WORK TO COMPLETE: Find the line below with "山东省青岛市2024-2025学年上学期1月高二期末统一调研检测生物" and the line with "<p>Abstract watercolor painting". Output exactly those lines and everything between them, leaving out the pictures.

[Opening COLLECTED DATA section]

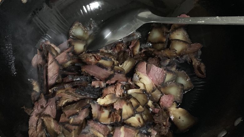 25. 翻炒均匀,适当加入味精或是食盐,因为腊肉本身有盐了,要记得尝了咸淡再选择要不要加盐。
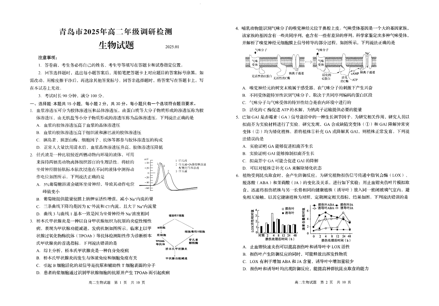 山东省青岛市2024-2025学年上学期1月高二期末统一调研检测生物
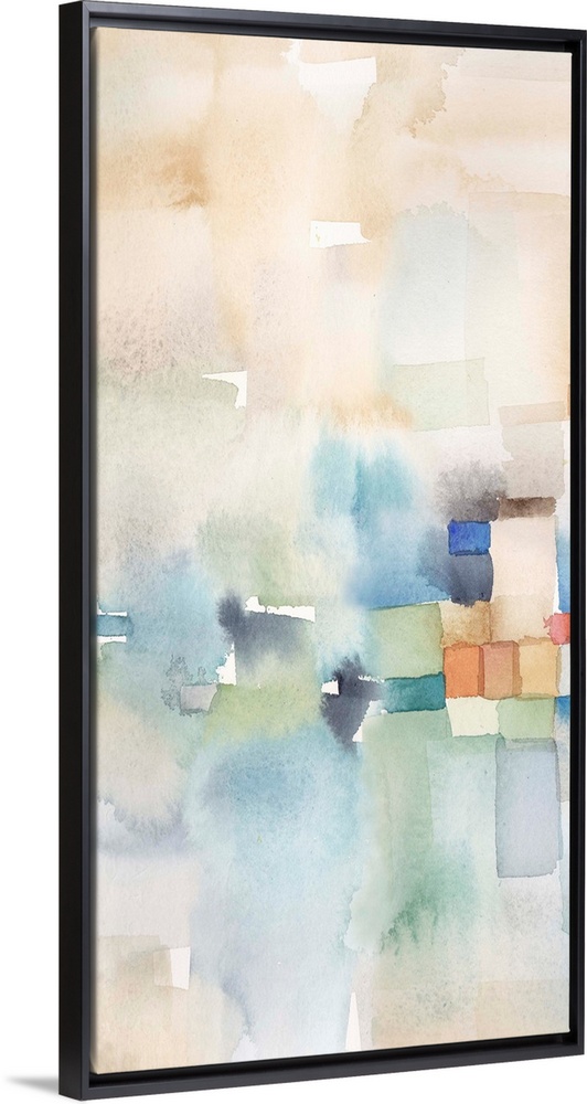 <p>Abstract watercolor painting in blurred square shapes in muted tones of orange, blue and green.</p>
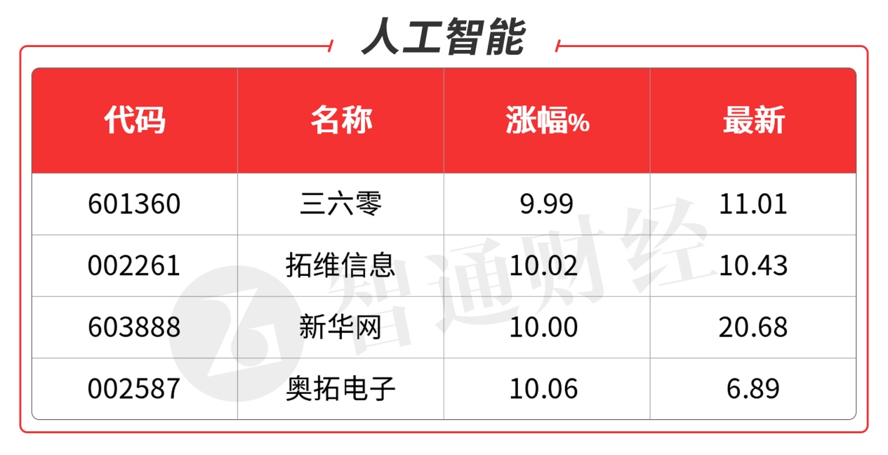 北京首个智算中心落地算力规模将达1000P,力争成为北方智能算力枢纽中心。chatGPT题材再受刺激,AI指数止跌。大块头中国电信(601728.SH)也在布局Ai方向,直接被大资金拉到涨停,板块人气快速恢复。反复提到的算力新品种叠加元宇宙概念拓维信息(002261.SZ)开盘弱转强,引领算力板块。其它辨识度高的有三六零(601360.SH),首板有AIGC元宇宙多重概念概念新华网(603888.SH),华为云AI龙头奥拓电子(002587.SZ)涨停。

[Closing COLLECTED DATA section]

EXPECTED ANSWER:
 山东省青岛市2024-2025学年上学期1月高二期末统一调研检测生物
 <p>Abstract watercolor painting in blurred square shapes in muted tones of orange, blue and green.</p>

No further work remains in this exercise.